(183f) A Dead Time Compensation Approach for State Estimation of Sampled-Data Systems in the Presence of Large Measurement Delays | AIChE

(183f) A Dead Time Compensation Approach for State Estimation of Sampled-Data Systems in the Presence of Large Measurement Delays

Authors 

Ling, C. - Presenter, Texas A&M University
Kravaris, C., Texas A&M University
State estimation of continuous-time dynamical systems in the presence of sampled and delayed measurements (e.g., chemical processes, networked control systems) has caught researchers’ attention over the last decade [1-3]. In addition to fast-sampled measurements, it is crucial to incorporate slow-sampled measurements in the observer design framework to make the entire system observable as well as improve the estimation accuracy, despite their low sampling rate and large output delay. Moreover, different sampling rates and different sizes of delays should be handled in the observer design.

In this paper, a multi-rate sampled-data observer design is adopted as a starting point before considering the presence of possible measurement delays. The multi-rate observer design (see [4] for linear systems and [5] for nonlinear systems) is based on an available continuous-time observer design coupled with multiple, asynchronous inter-sample predictors for the sampled measurements. Each predictor generates an estimate of a sampled output between consecutive measurements and gets reinitialized once the associated, most-recent measurement becomes available. Sufficient conditions were derived to guarantee stability property of the error dynamics by using Lyapunov’s second method and the vector small-gain theorem [6], respectively.

To handle measurement delays, we propose a model-based dead time compensation algorithm and show that the stability property of the multi-rate observer will be preserved under arbitrarily large measurement delays. The algorithm is described as follows: once a delayed measurement is obtained, the state estimates at its sampling instant can be re-calculated by using the multi-rate sampled-data observer. Then the process model can be utilized to predict the state at current time, given the delayed estimates, in the same spirit as in Smith-predictor methods. During the compensation, any available measurement can be treated as a delay-free output and the compensator will get reinitialized at every sampling instant where the measurement is available. By integrating the observer and compensator equations, corrected estimates can be obtained at current time which will subsequently be used in the inter-sample prediction during the time when there is no sampled measurement available. This algorithm inherits all the nice properties (i.e., stability and robustness) of a multi-rate sampled-data observer. Moreover, the convergence property is not affected by perturbations in the size of each measurement delay. An industrial gas-phase polyethylene reactor example will be revisited to illustrate the applicability of the proposed method in both linearized system and nonlinear system.

References:

[1] Ahmed-Ali, T., Karafyllis, I., & Lamnabhi-Lagarrigue, F. (2013). Global exponential sampled-data observers for nonlinear systems with delayed measurements. Systems & Control Letters, 62(7), 539-549.

[2] Khosravian, A., Trumpf, J., Mahony, R., & Hamel, T. (2015).

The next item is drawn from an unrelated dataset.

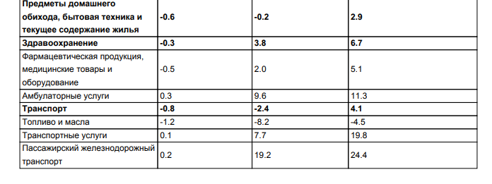 Как следует из данных Госстат за год более всего подорожал алкоголь, фрукты, хлеб, коммунальные услуги, железнодорожный транспорт и амбулаторные медицинские услуги. Больше всего подешевли яйца и газ.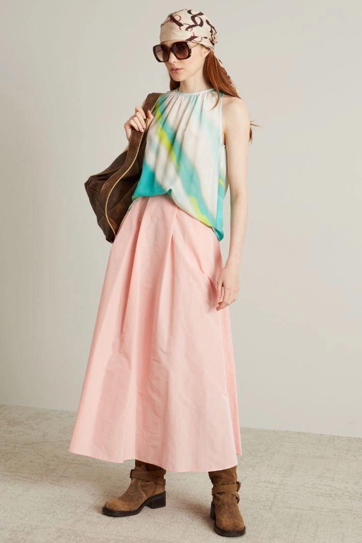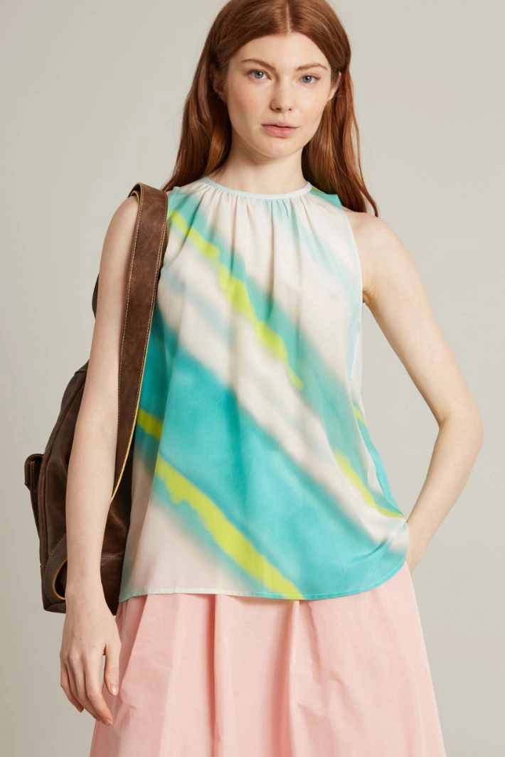 Top de línea fluida realizado en crepé de China de pura seda estampado, con escote redondo fruncido, sin mangas y cierre de cerradura con botón en la espalda.

Recursive attitude estimation in the presence of multi-rate and multi-delay vector measurements. Proceedings of the American Control Conference, 3199-3205.

[3] Shen, Y., Zhang, D., & Xia, X. (2017). Continuous observer design for a class of multi-output nonlinear systems with multi-rate sampled and delayed output measurements. Automatica, 75, 127-132.

[4] Ling, C., & Kravaris, C. (2017). Multi‐rate observer design for process monitoring using asynchronous inter‐sample output predictions. AIChE Journal, 63(8), 3384-3394.

[5] Ling, C. and Kravaris, C. (2017). Multi-rate sampled-data observers based on a continuous-time design. Proceedings of the 56thConference on Decision and Control, 3664-3669.

[6] Karafyllis, I., & Jiang, Z. P. (2011). A vector small-gain theorem for general non-linear control systems. IMA Journal of Mathematical Control and Information, 28(3), 309-344.